The American Dream and HOAs

I knew better. I really did. But the mounting pressure to fulfill my duty as a hardworking United States citizen and promising child of Boomer parents got to me.

You move too much.

You need to create stability for your children and buy a home.

Stop paying someone else’s mortgage.

This is what they told me for years. It made sense because I had lived a lovely childhood due to my parents’ efforts. But my own adult life did not mirror theirs. I went straight from the comfort of the middle class back to the poverty from which they had escaped. Sorry, Mom and Dad.

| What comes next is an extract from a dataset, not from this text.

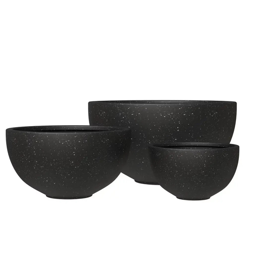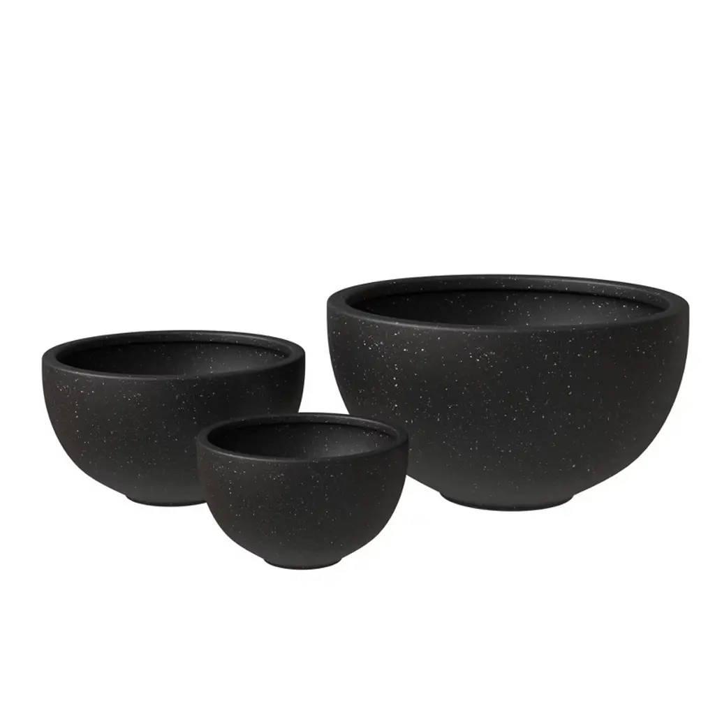 Leisuremod Iris 3-piece Fiberstone And Clay Planter Set Round Plant Pots With Drainage Holes For Indoor And Outdoor (Black)

I have lived in a few different places in Tampa. I also bounced into and out of several homes in the SouthShore region of the County (Hillsborough County, Florida). And it was frustrating at times:

But let’s focus on my tenure at house I bleached and wanted to set on fire. During that time, a lot was going on in Tampa Bay. The housing market had crashed. Every third house in my neighborhood was empty from foreclosures and people who had just walked away from their newly worthless homes (I would take walks and look into the windows of these homes and see children’s items strewn across the floors. It was eerie.). Some of the empty homes were not just devoid of people—they were devoid of both interior and exterior walls because the builders had utilized Chinese drywall. And then there was a national expose on Homeowners Associations in Florida.

That HOA expose filled newspapers, news channels, and people’s consciousness, including my own. Yet here I am, uncomfortably sitting in a house that isn’t really mine, wishing I had taken heed of information embedded into my brain over a decade ago.